GCN 44096: GRB260310A: Palomar 60-inch photometry of an extremely bright late-time afterglow with a temporal break at 8 days

2026-03-23T22:07:59.995Z | rev 0 | event: GRB 260310A
GRB260310A: Palomar 60-inch photometry of an extremely bright late-time afterglow with a temporal break at 8 days

D. A. Perley (LJMU), Y. Wagh (LJMU), R. Jayaraman (Cornell), J. Sollerman (Stockholm), A. Y. Q. Ho (Cornell), K.-R. Hinds (Caltech), and A. Bochenek (LJMU) report:

We used the SED Machine Rainbow Camera optical imager mounted on the Palomar 60-inch telescope to obtain observations of AT2026fgk (Hinds et al., TNS AstroNote 2026-65), the optical counterpart (Konno et al., GCN 43974) of the Fermi/GBM gamma-ray burst GRB260310A (Fermi GBM Team, GCN 43951; Hamburg & Meegan, GCN 43975).   Observations began on the night of 2026-03-12 at 06:03 UT and have continued every night since in the SDSS g, r, and i filters; u-band imaging was also taken on certain nights.  Photometry was performed following image subtraction of template images taken from Pan-STARRS survey imaging.

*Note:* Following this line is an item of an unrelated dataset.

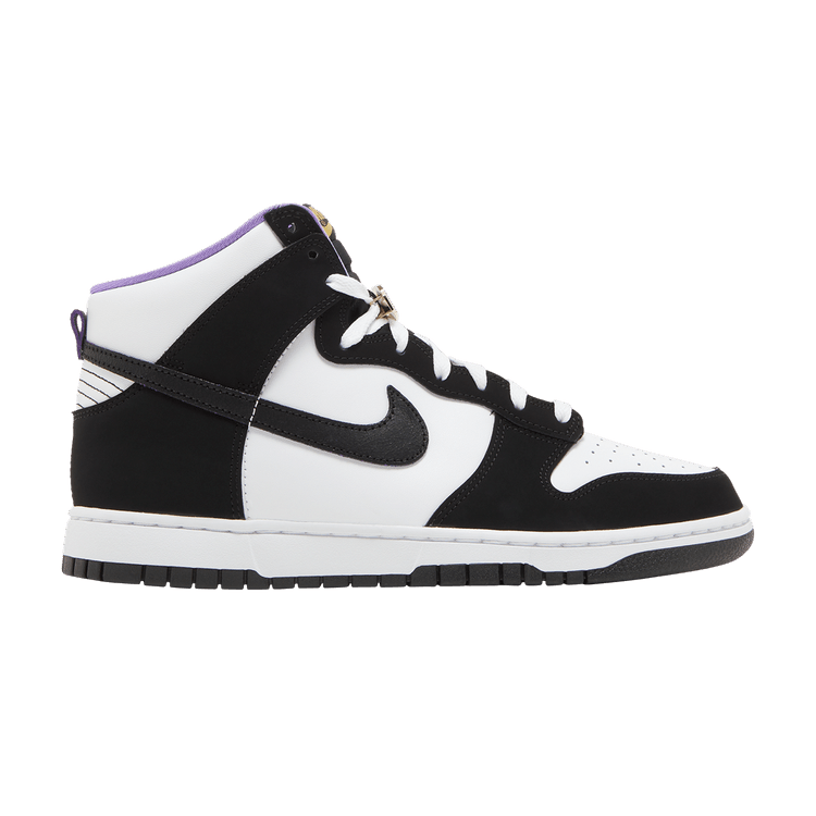 The Nike Dunk High SE World Champs features a white nubuck upper with black overlays and Action Grape interior liners. Gold-plated lace dubraes shaped like wrestling championship belts add a...

For the first seven days after the GRB, the fading is generally consistent with a power-law evolution with a shallow temporal index of approximately -0.6.  Beginning at around 7-8 days, the afterglow begins falling more sharply, with a decay index closer to -1.35.  (A break in the X-ray light curve was seen at a similar time; Jayaraman et al., GCN 44095 ).   Select photometry (AB, not corrected for extinction) is provided below:

| UT date             | dt (d) | filter |  mag  +/- unc  |
|---------------------|--------|--------|----------------|
| 2026-03-12 06:03:41 |  2.047 |      r | 18.14 +/- 0.04 |
| 2026-03-13 06:33:38 |  3.067 |      r | 18.19 +/- 0.03 |  
| 2026-03-15 06:08:19 |  5.050 |      r | 18.59 +/- 0.03 |
| 2026-03-18 06:01:43 |  8.045 |      r | 18.83 +/- 0.03 |
| 2026-03-23 05:20:09 | 13.016 |      r | 19.58 +/- 0.04 |

The behavior is consistent with other recent reports noting the continuation of the optical decay with no SN-like rebrightening yet (e.g., Volnova et al., GCN 44060; Bussman et al., GCN 44061).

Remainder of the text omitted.